■ **Work required**
The answer should hold only the lines from the one containing "BeschrijvingReproductie van een" through the one containing "Mono Deportivo Ajustado" in the entries below, copied exactly, without pictures.

■ **Input for this task**

----

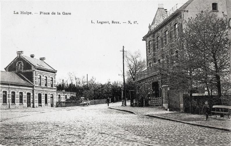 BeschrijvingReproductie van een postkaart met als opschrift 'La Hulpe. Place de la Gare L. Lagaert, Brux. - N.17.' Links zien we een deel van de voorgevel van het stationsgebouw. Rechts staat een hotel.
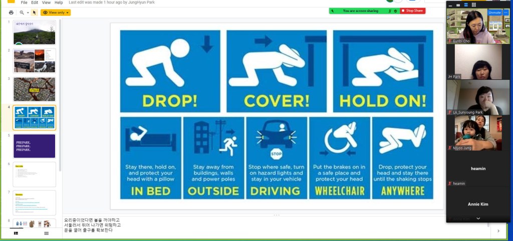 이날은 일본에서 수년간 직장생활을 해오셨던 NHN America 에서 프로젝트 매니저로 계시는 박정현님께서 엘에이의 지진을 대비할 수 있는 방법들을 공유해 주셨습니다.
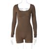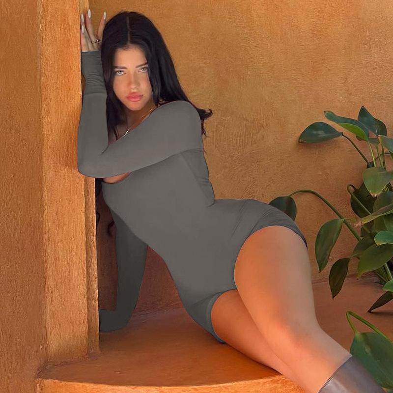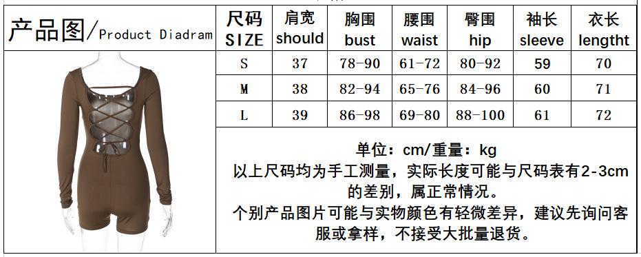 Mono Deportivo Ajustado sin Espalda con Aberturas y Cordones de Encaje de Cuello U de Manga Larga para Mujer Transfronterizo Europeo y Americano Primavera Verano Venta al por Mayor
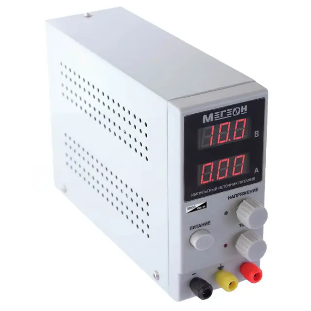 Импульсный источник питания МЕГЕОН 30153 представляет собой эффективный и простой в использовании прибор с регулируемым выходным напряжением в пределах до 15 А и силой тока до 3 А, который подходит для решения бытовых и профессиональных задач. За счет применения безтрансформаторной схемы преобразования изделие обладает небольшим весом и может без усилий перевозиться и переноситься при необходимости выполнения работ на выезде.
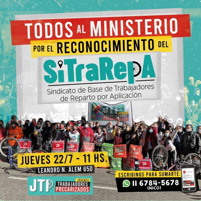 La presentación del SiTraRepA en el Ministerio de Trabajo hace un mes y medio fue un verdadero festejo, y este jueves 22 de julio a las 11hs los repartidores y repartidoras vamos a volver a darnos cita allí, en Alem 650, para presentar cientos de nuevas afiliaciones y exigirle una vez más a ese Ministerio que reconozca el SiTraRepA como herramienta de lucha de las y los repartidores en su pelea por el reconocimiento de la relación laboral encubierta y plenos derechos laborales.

----

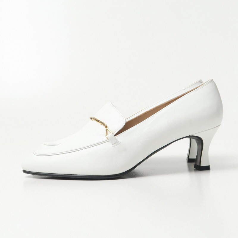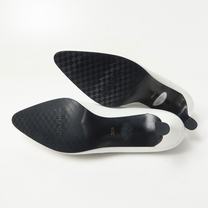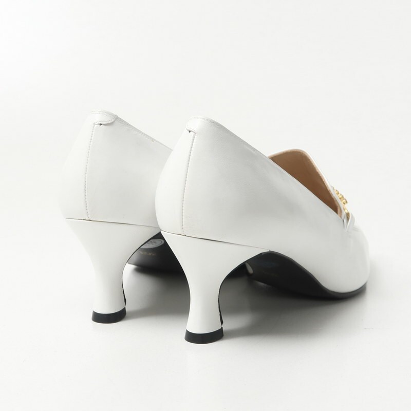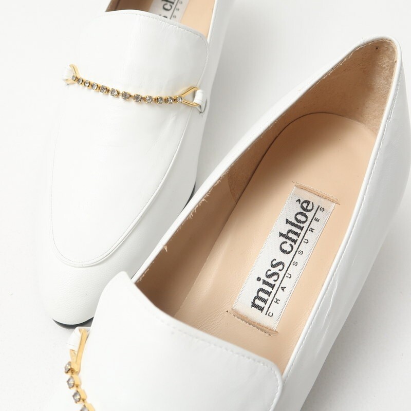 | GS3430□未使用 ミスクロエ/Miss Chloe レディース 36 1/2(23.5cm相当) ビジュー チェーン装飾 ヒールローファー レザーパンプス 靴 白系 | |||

----

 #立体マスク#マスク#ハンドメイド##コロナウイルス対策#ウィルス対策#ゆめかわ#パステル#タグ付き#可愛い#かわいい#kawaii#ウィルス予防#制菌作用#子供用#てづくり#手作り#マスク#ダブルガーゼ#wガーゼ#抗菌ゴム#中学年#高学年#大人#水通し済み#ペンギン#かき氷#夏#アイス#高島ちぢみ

----

■ **Exercise response**
 BeschrijvingReproductie van een postkaart met als opschrift 'La Hulpe. Place de la Gare L. Lagaert, Brux. - N.17.' Links zien we een deel van de voorgevel van het stationsgebouw. Rechts staat een hotel.
 이날은 일본에서 수년간 직장생활을 해오셨던 NHN America 에서 프로젝트 매니저로 계시는 박정현님께서 엘에이의 지진을 대비할 수 있는 방법들을 공유해 주셨습니다.
 Mono Deportivo Ajustado sin Espalda con Aberturas y Cordones de Encaje de Cuello U de Manga Larga para Mujer Transfronterizo Europeo y Americano Primavera Verano Venta al por Mayor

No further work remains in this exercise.